We now split the model into training and testing data in the ratio of 70:30

In [32]:
pred_train, pred_test, tar_train, tar_test  =   train_test_split(predictors, targets, test_size=.3)

print( "Predictor - Training : ", pred_train.shape, "Predictor - Testing : ", pred_test.shape )


Predictor - Training :  (350, 5) Predictor - Testing :  (150, 5)


## Build Model and Check Accuracy

In [33]:
from sklearn.naive_bayes import GaussianNB

classifier=GaussianNB()
classifier=classifier.fit(pred_train,tar_train)

predictions=classifier.predict(pred_test)

#Analyze accuracy of predictions
sklearn.metrics.confusion_matrix(tar_test,predictions)


array([[76, 18],
       [24, 32]])

In [34]:
sklearn.metrics.accuracy_score(tar_test, predictions)

0.71999999999999997

Instead of doing a Yes/No prediction, we can instead do a probability computation to show the probability for the prospect to buy the product

In [35]:
pred_prob=classifier.predict_proba(pred_test)
pred_prob[0,1]

0.35088586866049354

The probability above can be read as 35% chance that the prospect will buy the product.

## Real time predictions

Now that the model has been built, let us use it for real time predictions. So when the customer starts visiting the pages one by one, we collect that list and then use it to compute the probability. We do that for every new click that comes in.

So let us start. The prospect just came to your website. There are no significant clicks. Let us compute the probability.
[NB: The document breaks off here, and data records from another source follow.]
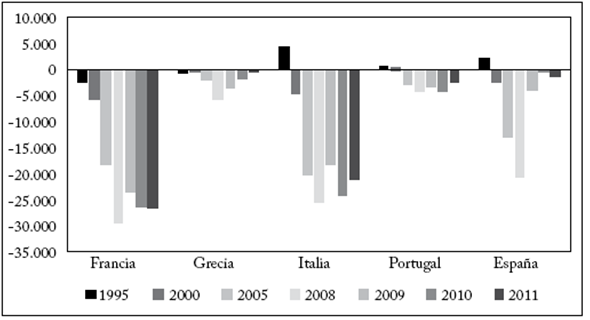Es preciso identificar dos factores financieros clave. El primero es el endeudamiento orientado a la compra de bienes extranjeros, desde el sector privado de la periferia hacia el sistema financiero del centro. En este caso el papel central de Alemania y su red productiva es crucial, como se puede apreciar en la gráfica 2, donde reportamos el saldo comercial bilateral entre los países de la periferia del euro y Alemania. Estos flujos son sostenidos por la amplia disponibilidad de crédito, determinada, a su vez, por la necesidad de los intermediarios financieros del centro de buscar destinos para el exceso de ahorro asociado al excedente externo.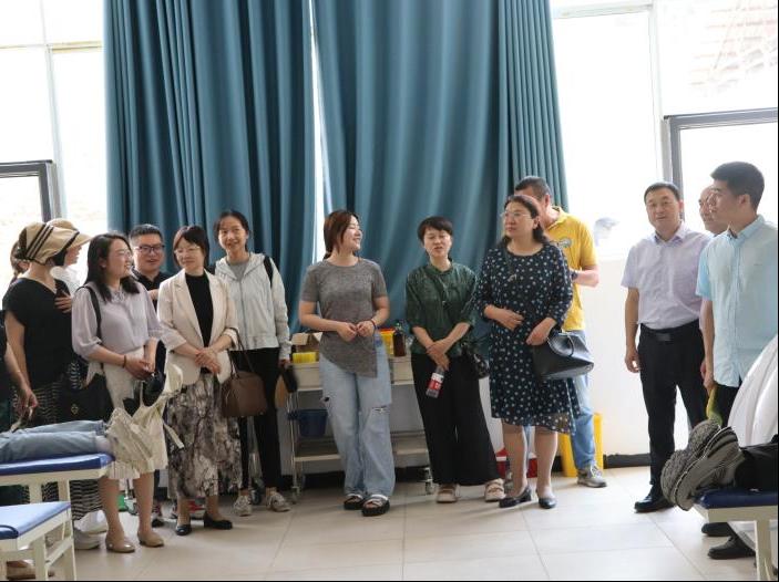 在學院領導的陪同下,專家組一行實地考察了人體形態學實訓室、急救室實訓室、健康評估實訓室、中醫養生保健實訓、中醫針灸推拿實訓室、中醫藥膳實訓室、嬰幼兒保健實訓室等實訓教學場地。學院相關負責人詳細介紹了實訓室的設備功能、教學模式及學生實踐成果,展示了健康管理產業學院“理論+實踐+產業應用”的一體化培養體系。專家組對中醫藥膳等特色項目給予了充分肯定,對當地康養產業有著十分重要的意義。中醫2023級學生展示了推拿按摩實訓課場景,受到了專家組的一致好評。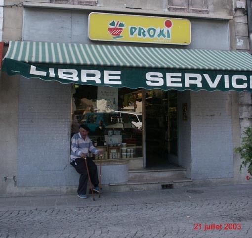 L'épicerie "PROXI" de M. et Mme BROCHIER avec sur la photo "Campagne", une figure de Barcelonnette.

The array of values passed has the values for REVIEWS, BOUGHT_TOGETHER, COMPARE_SIMILAR, WARRANTY and SPONSORED_LINKS. So the array is all zeros to begin with

In [36]:
browsing_data = np.array([0,0,0,0,0]).reshape(1, -1)
print("New visitor: propensity :",classifier.predict_proba(browsing_data)[:,1] )
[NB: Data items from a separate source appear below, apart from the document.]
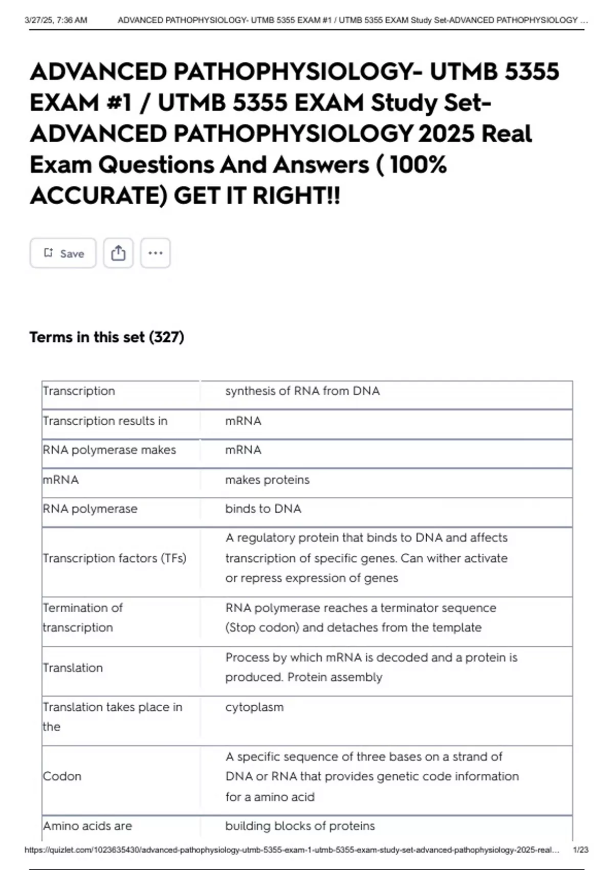 PACKAGE DEAL FOR ADVANCED PATHOPHYSIOLOGY- UTMB 5355 EXAM #1 Exam (2025) Exam Questions & Answers | Latest Already Graded A+ UPDATE 2025|2026!! STUDY GUIDE EXAM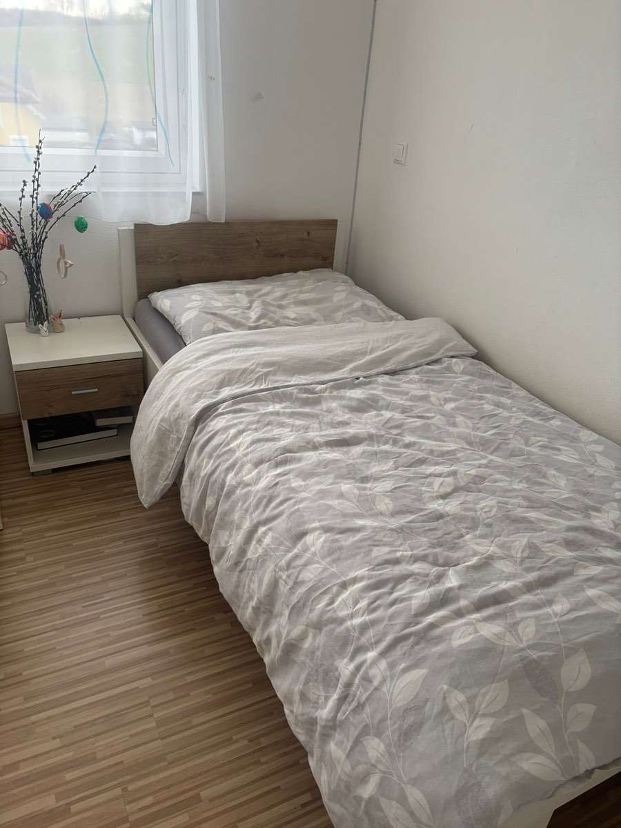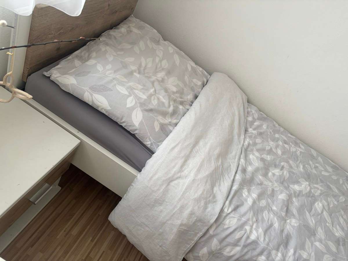Bett 90x200 Inkl. Lattenrost und Matratze (Bezug frisch gewaschen) Inkl. Nachtkästchen Die Fronten in Holzoptik sind geklebte Folien. Darunter wäre die Front rot. Ob die Folie rückstandsfrei abgeht, wissen wir nicht. Weiters sind an einer Seite noch...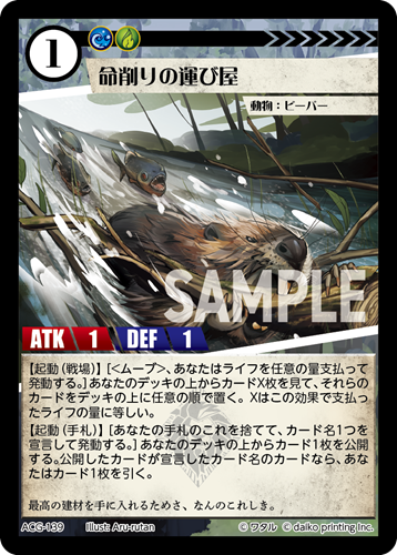 [コスト:1] [条件:森無] [タイプ:動物] [種属:アライグマ] [ATK 0/DEF 1]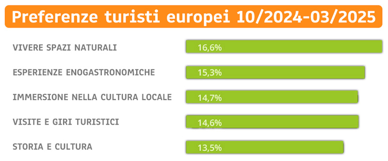 For European tourists, food and wine are a stable presence, together with nature and culture, among the most desired experiences. In the intentions of European citizens, these proposals weigh respectively 15.3% for food and wine, 16.6% for nature and 14.7% for culture (Source: European Travel Commission).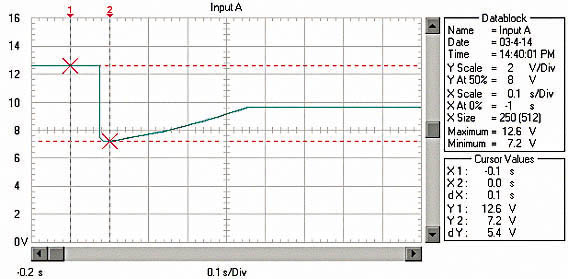 由于RM、RB、RL均非常低,啟動電流非 常大。例如用12V、45Ah的蓄電池啟動安裝1.9升柴油機的汽車,蓄電池的電壓在啟動瞬間由12.6V降到約3.6V!啟動過程的蓄電池電壓波形如圖 1;啟動瞬時的電流達550A,約為蓄電池的12C的放電率!啟動過程的蓄電池電流波形如圖2,(電流傳感器的電流/電壓變換比率:100A/V)。盡管 車用蓄電池是啟動專用蓄電池,可以高倍率放電,但在圖1中可以看出,10倍以上的高倍率放電時的蓄電池性能變得很差,而且,如此高倍率放電對蓄電池的損傷 也是非常明顯的。啟動過程的電壓劇烈變化也是極強的電磁干擾,可以造成電氣設備的“掉電”,迫使電氣設備在發(fā)電機啟動過程結束后 重新上電,計算機在這個過程中非常容易死機。因此,無論從改善汽車電氣設備的電磁環(huán)境還是改善汽車的啟動性能和蓄電池的性能、延長使用壽命來考慮,改善汽 車電源在啟動過程的性能是必要的。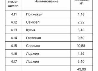 Продажа 1-комнатной квартиры, 43 м2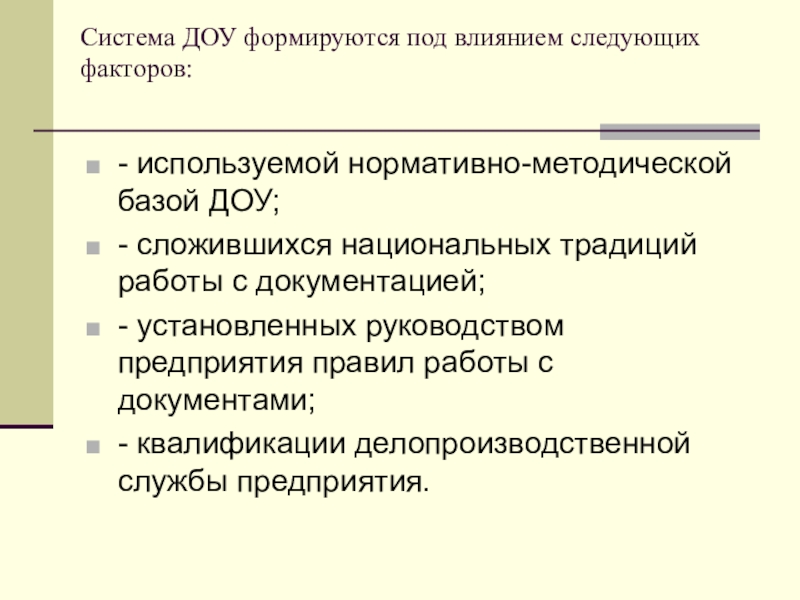 Слайд 5Система ДОУ формируются под влиянием следующих факторов:

New visitor: propensity : [ 0.03961746]


So the initial probability is 4%. Now, suppose the customer does a comparison of similar products. The array changes to include a 1 for that function. The new probability will be

In [37]:
browsing_data = np.array([0,0,1,0,0]).reshape(1, -1)
print("After checking similar products: propensity :",classifier.predict_proba(browsing_data)[:,1] )
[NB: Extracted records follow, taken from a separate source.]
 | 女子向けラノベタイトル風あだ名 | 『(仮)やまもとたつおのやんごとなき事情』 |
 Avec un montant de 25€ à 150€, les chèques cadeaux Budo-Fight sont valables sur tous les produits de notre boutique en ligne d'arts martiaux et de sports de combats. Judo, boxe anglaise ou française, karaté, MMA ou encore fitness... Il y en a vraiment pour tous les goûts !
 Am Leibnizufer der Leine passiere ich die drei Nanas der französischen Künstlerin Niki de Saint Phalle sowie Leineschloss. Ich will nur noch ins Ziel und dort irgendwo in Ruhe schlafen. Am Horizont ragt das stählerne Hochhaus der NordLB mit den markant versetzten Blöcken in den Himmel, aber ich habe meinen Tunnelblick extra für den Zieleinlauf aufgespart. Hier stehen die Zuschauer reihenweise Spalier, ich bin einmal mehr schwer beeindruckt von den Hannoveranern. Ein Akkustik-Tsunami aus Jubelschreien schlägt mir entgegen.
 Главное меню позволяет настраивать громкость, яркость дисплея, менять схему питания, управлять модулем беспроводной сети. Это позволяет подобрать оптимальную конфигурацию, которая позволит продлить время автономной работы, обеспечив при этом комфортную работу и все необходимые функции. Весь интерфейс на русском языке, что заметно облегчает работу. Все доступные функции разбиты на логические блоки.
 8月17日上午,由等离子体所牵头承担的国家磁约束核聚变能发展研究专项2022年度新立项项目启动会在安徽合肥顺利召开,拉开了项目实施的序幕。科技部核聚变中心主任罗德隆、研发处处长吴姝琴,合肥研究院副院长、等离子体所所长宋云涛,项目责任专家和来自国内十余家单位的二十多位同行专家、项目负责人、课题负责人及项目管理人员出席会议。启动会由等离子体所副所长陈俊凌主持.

After checking similar products: propensity : [ 0.09898671]


It goes up. Next, he checks out reviews.

In [38]:
browsing_data = np.array([1,0,1,0,0]).reshape(1, -1)
print("After checking reviews: propensity :",classifier.predict_proba(browsing_data)[:,1] )


After checking reviews: propensity : [ 0.57538836]


It shoots up to 50+%. You can have a threshold for when you want to offer chat. You can keep checking this probability against that threshold to see if you want to popup a chat window.

This example shows you how you can use predictive analytics in real time to decide whether a prospect has high propensity to convert and offer him a chat with a sales rep/agent.